PDM:Trojan.Win32.Generic KTS19

[Sapsan932]

Добрый день. Аналогичная ситуация, как в этой ветке https://forum.kaspersky.com/index.php?/topic/367423-pdmtrojanwin32generic-решено/&  для корпоративных пользователей, только для домашних. Обнаруживает PDM:Trojan.Win32.Generic. KTS 19.0.0.1088(d). Программа DTLite.

Заражение или ложный детект (поди разбери что это) происходит следующим образом:
1. Пользователь открывает последний оставшийся с расширением Kaspersky Protection браузер  Mozilla Firefox, и напротив оф.сайта видит зелёный щит, клацнув по которому получает информацию, что по данным  KSN - сайт безопасный.
2. Смело скачав .exe файл (при загрузке - KTS не ругается), нажимает ПКМ на "просмотреть инф-ию в KSN" - и там видит, что программа Daemoon Tools Lite Installer - доверенная, сертификат Disk Soft Ltd и более 100 000 пользователей (подключённых к KSN) её использовали.
3. Отлично, но на всякий случай запускает выборочную проверку данного инстальника и получает результат: "безопасно, угроз не обнаружено".

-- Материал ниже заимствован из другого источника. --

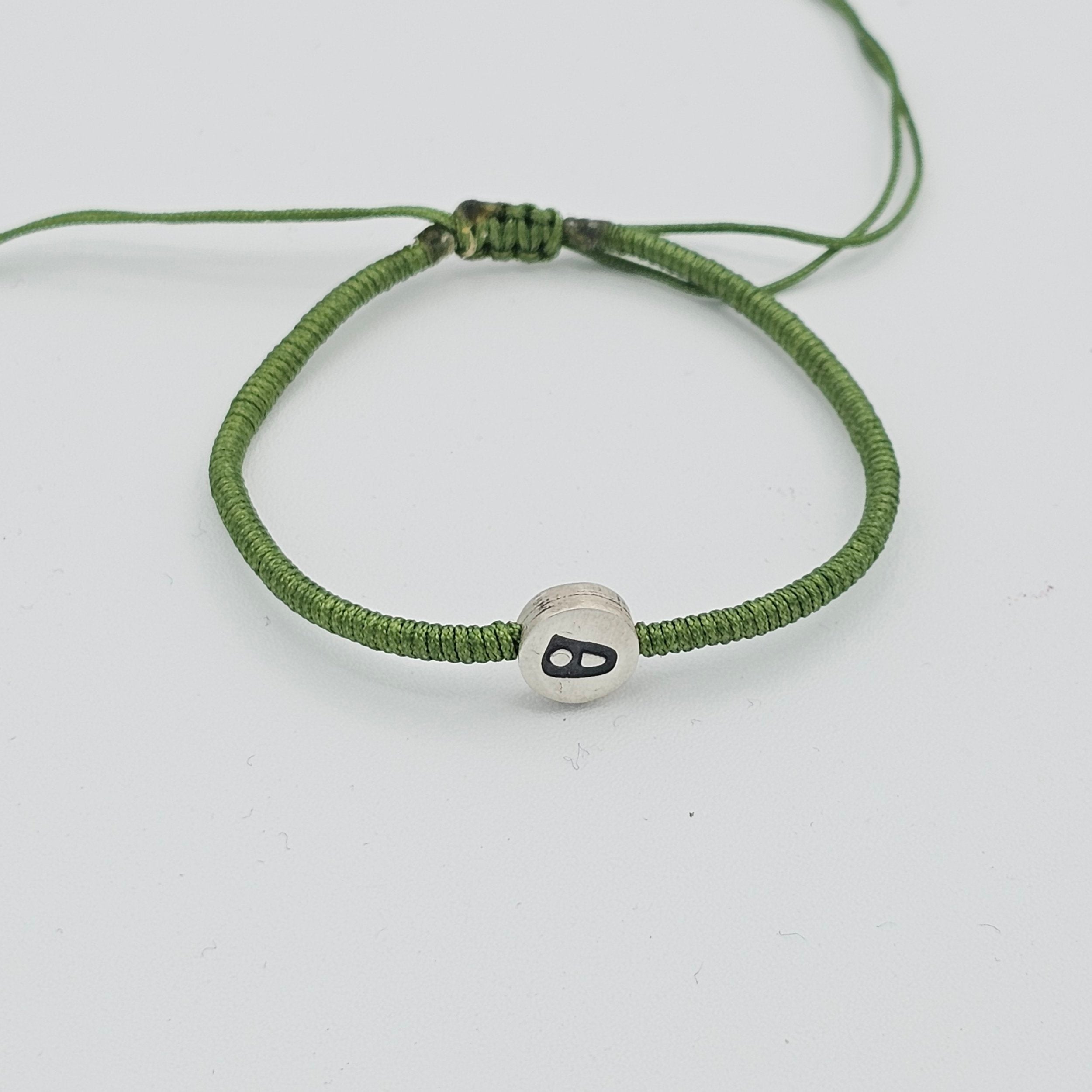 This handcrafted silver bracelet features a rounded Farsi letter charm, available in five distinct designs. Made from high-quality silver with a slide lock closure, it offers an adjustable fit suitable for all wrists. Its minimalist style makes it ideal for daily wear and layering with other pieces. The charm measures approximately 0.25 by 0.25 inches, reflecting meticulous craftsmanship and durable materials for lasting elegance.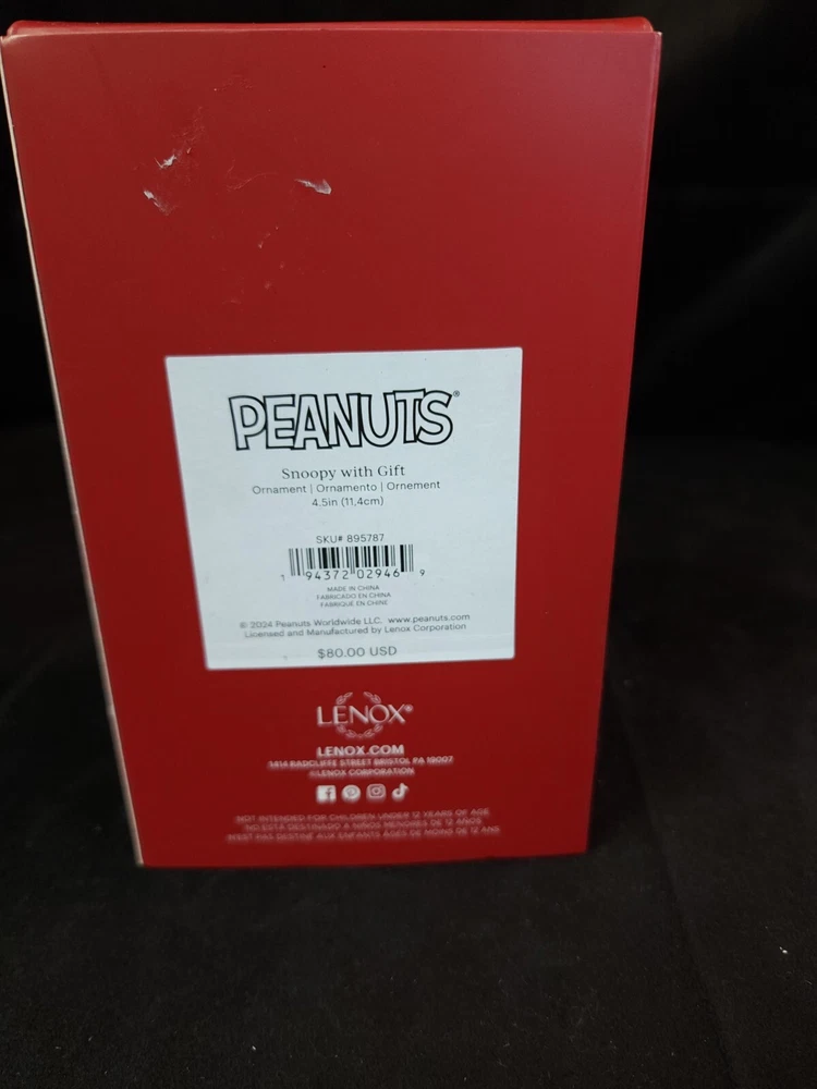 Character:SnoopyFranchise:PeanutsTheme:ChristmasNumber of Items:1Vintage:NoPersonalize:NoType:OrnamentOccasion:ChristmasCollection:OrnamentsSet Includes:OrnamentSize:SmallFeatures:Hanging, DecorativeColor:MulticolorBrand:LenoxCountry/Region of Manufacture:ChinaHandmade:NoAntique:NoOriginal/Licensed Reproduction:OriginalMaterial:Ceramic & Porcelain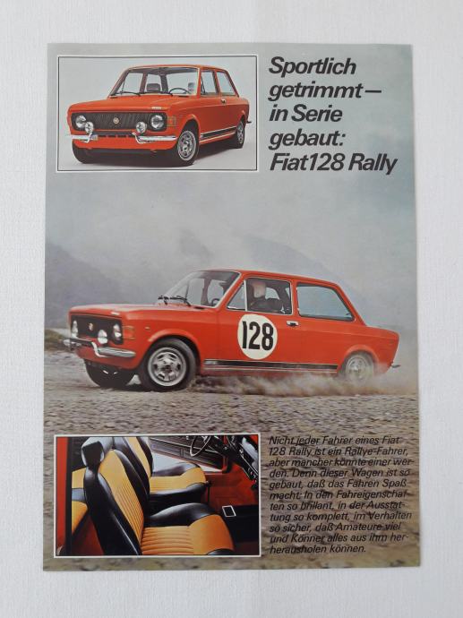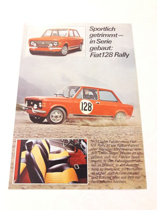 Originalni prospekt FIAT 128 RALLY iz ca. 1972. godine, bogat slikama i opisom na njemačkom jeziku, sastoji se od dvije stranice.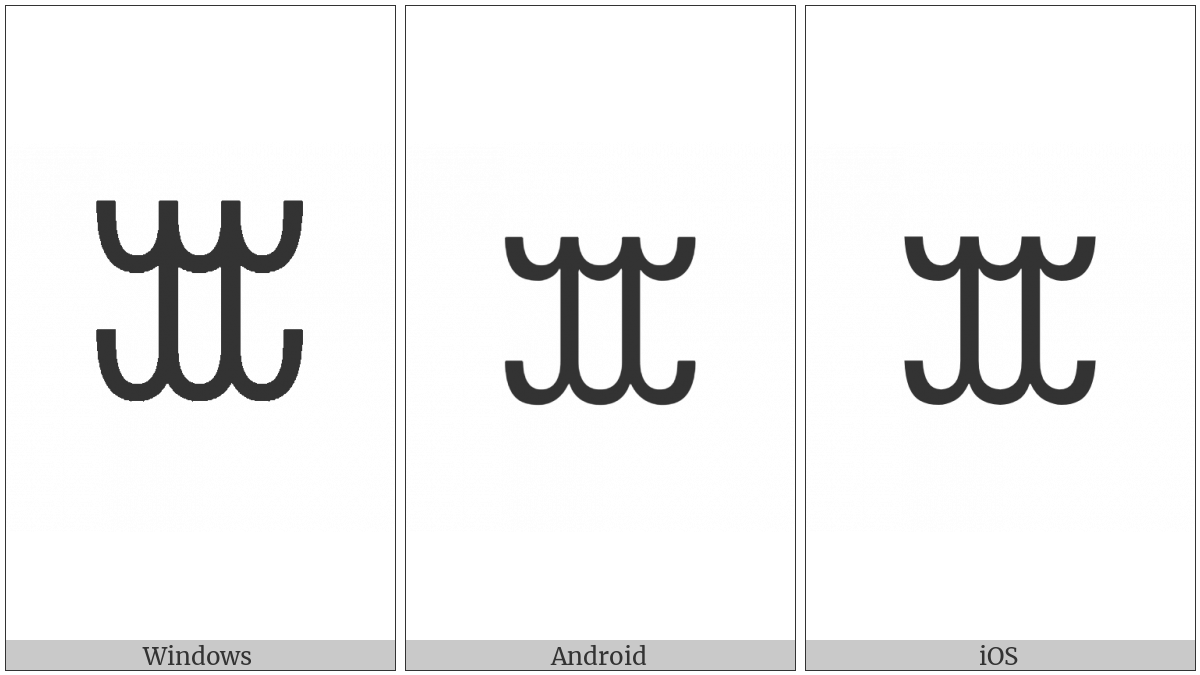 The image below shows how the “Vai Syllable Ga” symbol might look like on different operating systems. If the font in which this web site is displayed does not contain the symbol and there is no fallback font able to render it, you can use the image below to get an idea of what it should look like.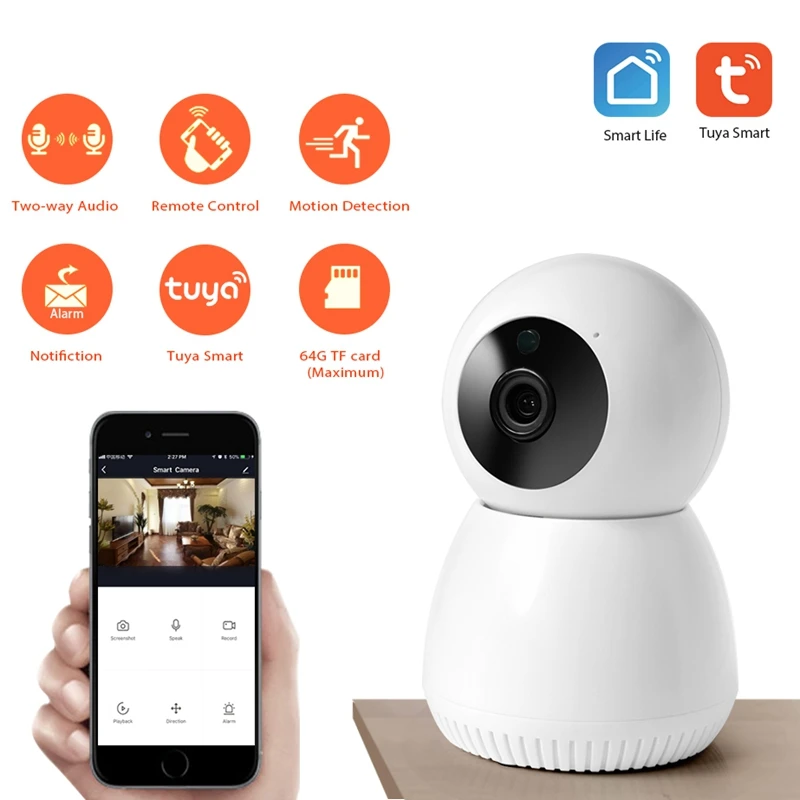Wifi Ip Camera Smart Wireless Security Camera 1080P 2MP Tuya Smart Life App Two Way Audio Motion De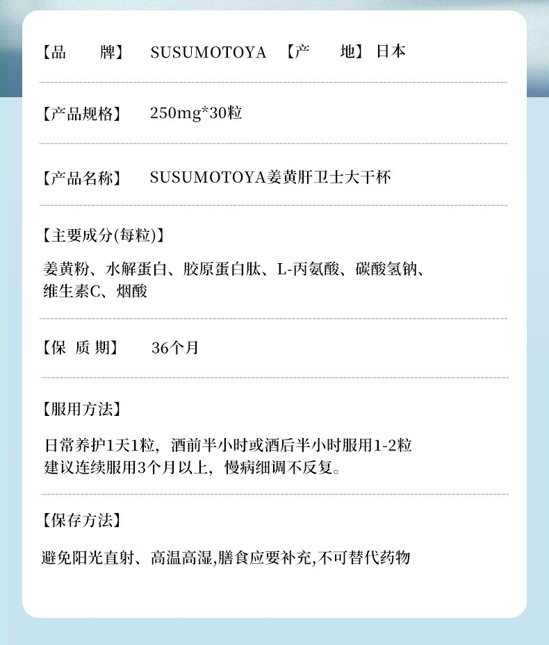 SUSUMOTOYA姜黄肝卫士大干杯 单瓶装 30粒/瓶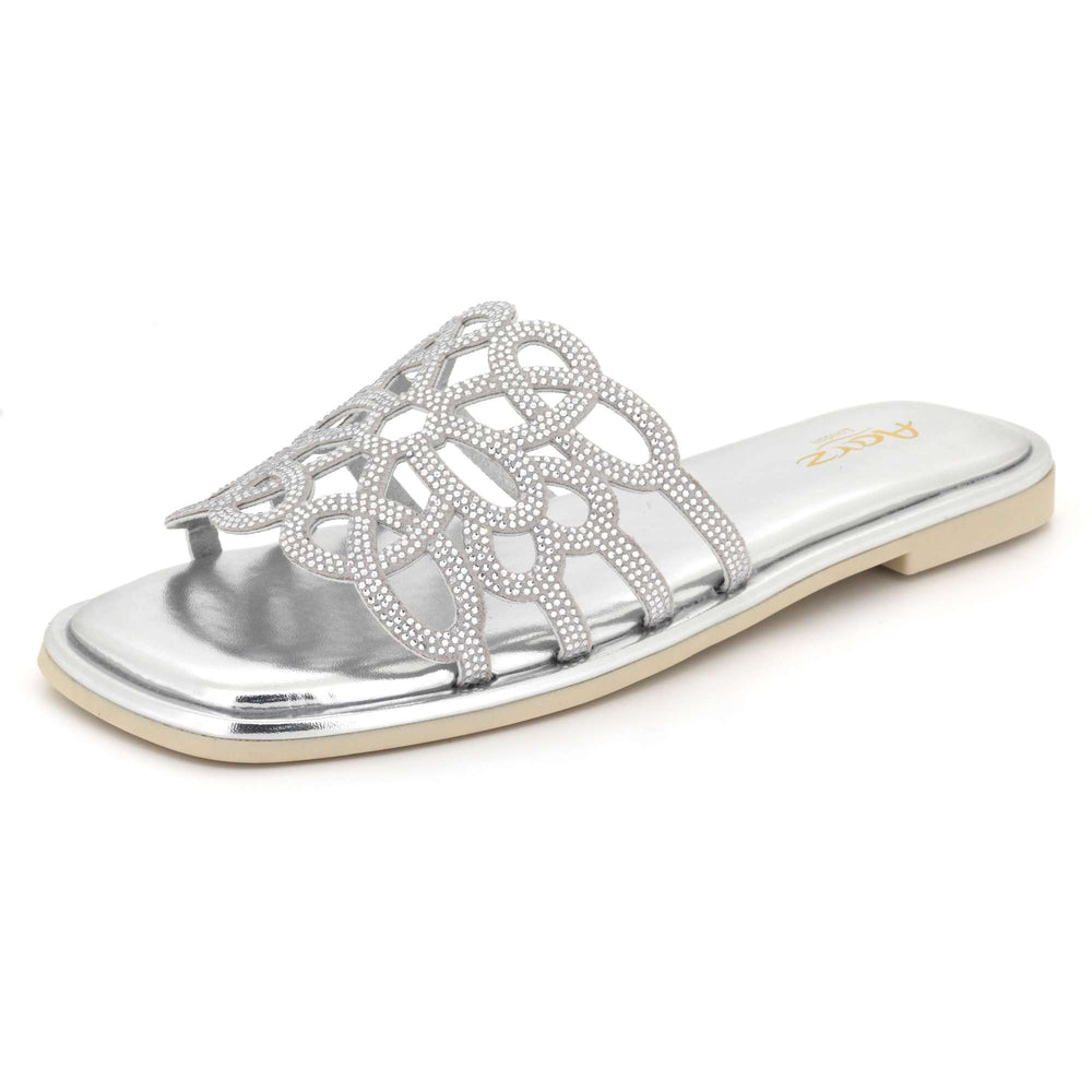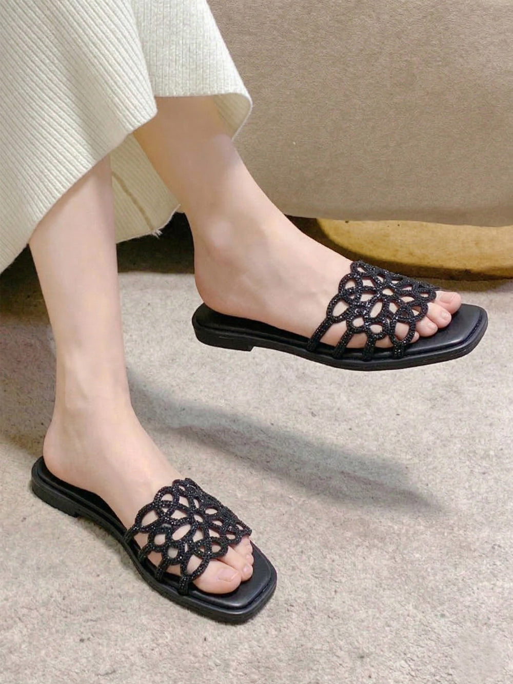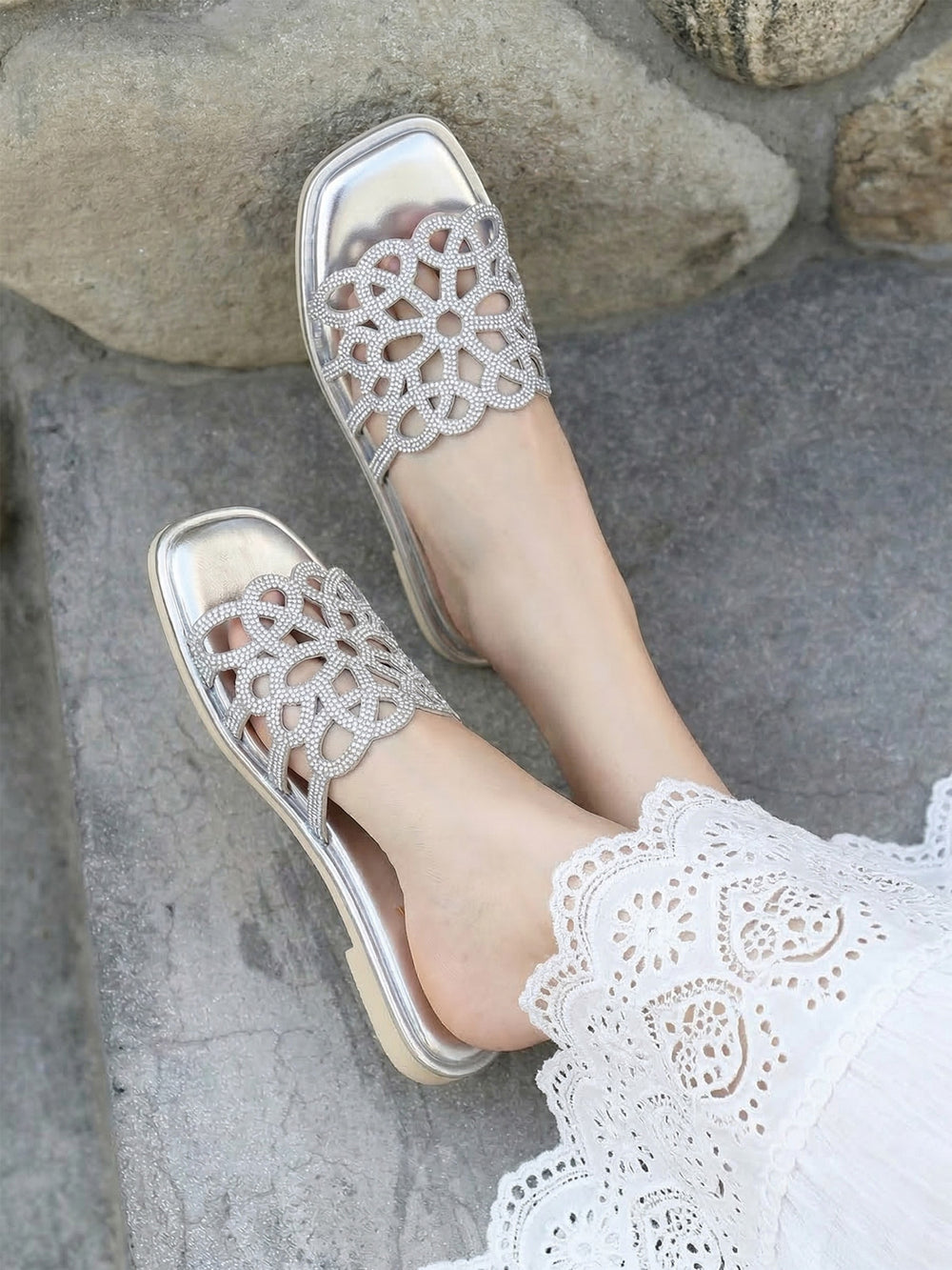 These women’s diamante flat sandals offer a perfect blend of elegance and everyday comfort. The beautifully crafted openwork upper, adorned with sparkling rhinestones, elevates your style while keeping your feet cool and comfortable. Designed with a soft cushioned footbed and a lightweight flexible sole, these slip-on flats are ideal for summer days, casual outings, travel, or festive occasions. Whether paired with dresses or jeans, they add just the right amount of shine and sophistication.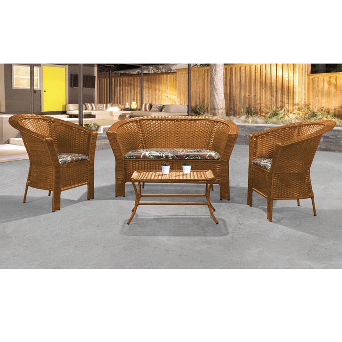 Conjunto Jardim Namoradeira + 2 Poltronas e Mesa Centro Base Aço Maresias em Junco - Imbuia Imbuia

Т.к. ЛК сообщила, что всё чисто, смело запускаем установщик, всё идёт отлично, установка почти завершена, и тут - бац!  Троян! Или просто потенциально нежелательная - неясно.  При инсталляции программы центр уведомления выдаёт: "у программы обнаружено подозрительное поведение характерное для вредоносной программы" (а раньше через KTS  или при выборочной проверке нельзя было сообщить? Зачем они тогда?), KTS блокирует запуск программы, предлагая лечить с перезагрузкой, но при этом сама "удаляя вредоносную программу" до этого, лишая возможности загрузить найденный файл на проверку, скажем сюда: https://virusdesk.kaspersky.ru/. Нажимая затем на "лечить с перезагрузкой" начинаются зависания - лечение активного заражения, затем перезагрузка, запускается автоматом "модуль восстановление после заражения", а затем без спроса запускается "полная проверка".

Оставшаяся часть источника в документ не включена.